Redbubble Search Doesn’t Understand Tenses
The Redbubble search engine doesn’t cope with verb tenses either. A search for “work” yields over 200,000 hits, but variations in tense like “worked”, and “working” hit far far fewer designs. In general, its the base form of a verb (or noun) that returns the most hits. (However those tags are well saturated with designs already and you are unlikely to rank well for any of them.)
Not All Designs Work On All Products
It common to hear the advice “Put your design on all products. You never know what will sell.” That’s such a bad idea. Redbubble almost certainly monitors the “click through rate (CTR)” on your designs. If your design is shown often in results but no one ever clicks on it because it’s ugly, your CTR will decrease. (This is also why, over time, designs with irrelevant keywords will start to disappear from keyword results, and explains why keyword stuffing with irrelevant terms is a bad idea.) Just disable the ugly products or upload an alternative image for them.

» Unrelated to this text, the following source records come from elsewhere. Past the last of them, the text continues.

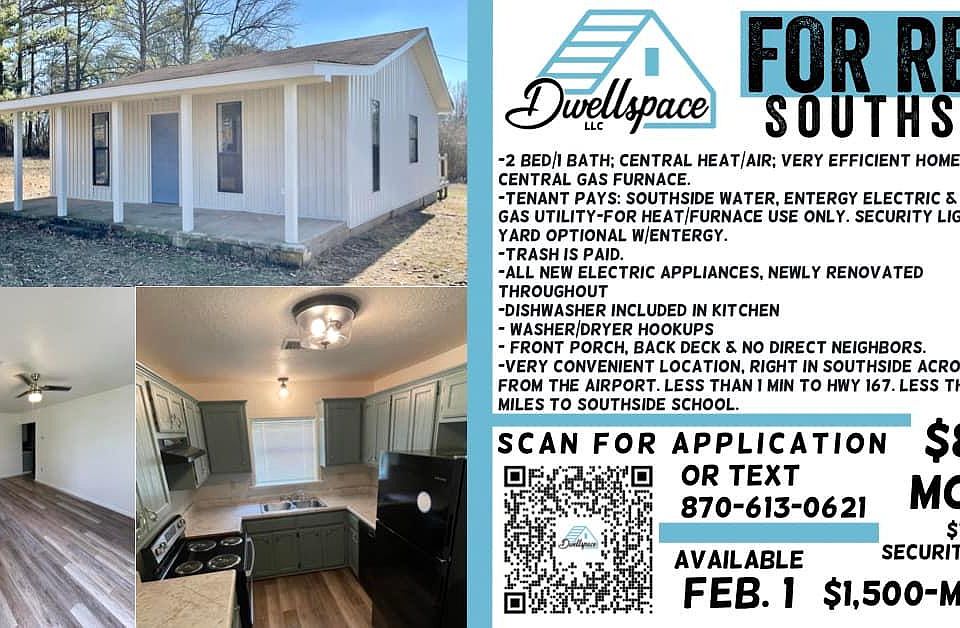 2 BED 1 BATH NEWLY RENOVATED HOME IN SOUTHSIDE SCHOOL DISTRICT $800/month, $700/security deposit= $1,500 move in. 1 Year Lease. Available ~Feb 1, 2023. -Central Heat/Air, very efficient. Home has central gas furnace- natural gas utility is only used for heat in the home. -Tenant pays: Southside water, Entergy Electric, Summit gas utility (electric/gas bills level out in cold months, due to furnace use). Trash is PAID. -All new electric appliances, plumbing fixtures. -dishwasher included in kitchen - washer/dryer hookups - Front/back porch No direct neighbors. -Very convenient location, right in Southside across from the airport. Less than 1 min to Hwy 167. Less than 3 miles to Southside school. - Rent payment options include: secure online-credit boosting option! (free bank transfer or debit/credit options for small fee), local bank deposit or cash. Free application process- Contact via phone or email for link. Applications are easily filled out on smartphone or computer. Applications are collected, vetted and reviewed thoroughly; upon selection, you will be contacted if approved for a showing of the home. No need to contact to see if application received- submission is confirmed upon completion online. After a house showing, with approved applicant, lease agreement can be signed by both parties. Application/showing in no way constitutes rental agreement, these decisions are made after application process complete. 2 BED 1 BATH NEWLY RENOVATED HOME IN SOUTHSIDE SCHOOL DISTRICT $800/month, $700/security deposit= $1,500 move in. 1 Year Lease. Available ~Feb 1, 2023. -Central Heat/Air, very efficient. Home has central gas furnace- natural gas utility is only used for heat in the home. -Tenant pays: Southside water, Entergy Electric, Summit gas utility (electric/gas bills level out in cold months, due to furnace use). Trash is PAID by landlord. - Rent payment options include: secure online-credit boosting option! (free bank transfer or debit/credit options for small fee), local bank deposit or cash. PETS: Case by case basis with approved application- Message for details.
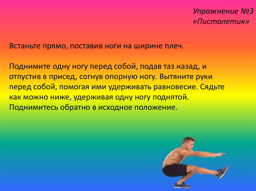 отпустив в присед, согнув опорную ногу. Вытяните руки
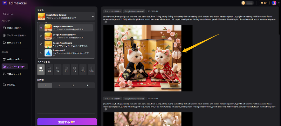 さらにWeb版では最新モデルNano Banana2を追加!生成スピードも速く、画質や仕上がりもより美しく、コストパフォーマンスも抜群です。今年のひな祭りは、Edimakorで手軽にオリジナルのかわいい写真を楽しみましょう✨
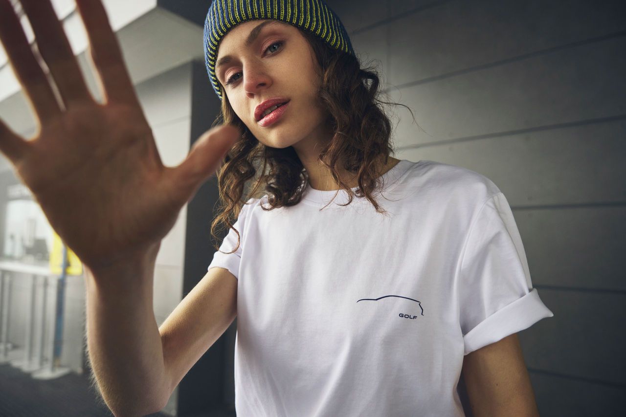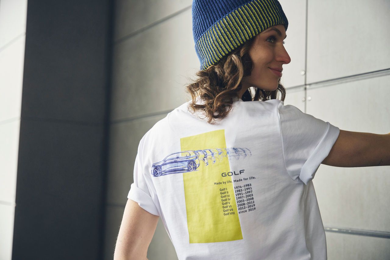 S týmto unisex tričkom môžete vyjadriť svoju vášeň pre Golf a zároveň nosiť kúsok histórie modelu vo svojom každodennom živote. Veľkoplošná potlač na chrbte zobrazuje vývoj vozidla v celkovo ôsmich generáciách ako štýlovú koláž náčrtov, ako aj obdobia výroby jednotlivých modelových radov. Moderný vzhľad dopĺňa reliéfna silueta modelu Golf na prednej strane v oblasti hrudníka. Tričko je k dispozícii vo veľkostiach S–2XL.
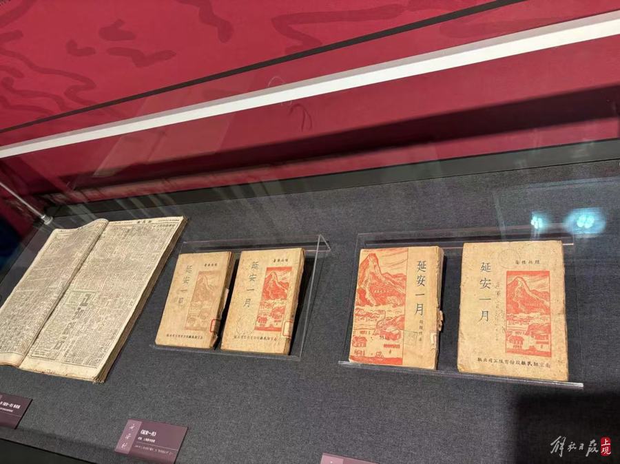 左起:1944年首发连载《延安一月》的重庆新民报,1944年1945年重庆初版、再版、成都印再版、重庆三版《延安一月》,均为首次公开展出。李天扬 摄

Add Your Shop Name as a Tag
If you add your shop name as a tag to each of your works you will easily be able to find all your products in the Redbubble search engine. For example I tagged all my sock patterns for the Euro 2020 football tournament (sadly now cancelled) with the tag “euro 2020 tiokvadrat”. Now, if I want to quickly see all those designs I can search for “tiokvadrat euro socks” in the Redbubble search engine and see all 39 sock products on one page. I can even use the URL https://www.redbubble.com/shop/tiokvadrat+2020+socks as a target for promotion purposes if I want.
Which Tags Are Useful?
- People’s names (essential for fan art).

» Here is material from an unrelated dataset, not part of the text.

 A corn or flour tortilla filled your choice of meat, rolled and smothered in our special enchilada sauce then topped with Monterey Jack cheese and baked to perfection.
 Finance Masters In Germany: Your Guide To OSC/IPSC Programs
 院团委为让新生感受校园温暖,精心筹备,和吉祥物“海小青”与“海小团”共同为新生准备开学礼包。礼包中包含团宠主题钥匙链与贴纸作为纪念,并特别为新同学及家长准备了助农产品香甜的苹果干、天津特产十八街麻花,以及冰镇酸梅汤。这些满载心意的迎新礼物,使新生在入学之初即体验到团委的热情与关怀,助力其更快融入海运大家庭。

- Colors (essential for patterns and abstracts).
- Locations (essential for photographs).
- Text (like “ok boomer” – essential for text memes).
- Style (“hippie, retro, art deco” – essential for patterns).
- Topic/subject matter (“trees”, “cats”).
What other tags should I consider?
- Your shop name (helps you to find your stuff).
- Prepositions and conjunctions (see below).
- Hobbies and occupations (essential for targeted memes, for example “fisherman, yoga instructor, dentist”.
When you upload your products to Redbubble the Product selector now allows you to choose “Optimized”. This seems to replace the old “Image only” option. However it seems the algorithm now tries to present the best view for the customer. The jury is out on this one, some of the older Redbubbler’s don’t like it, but it seems likely to help your product stand out in listings.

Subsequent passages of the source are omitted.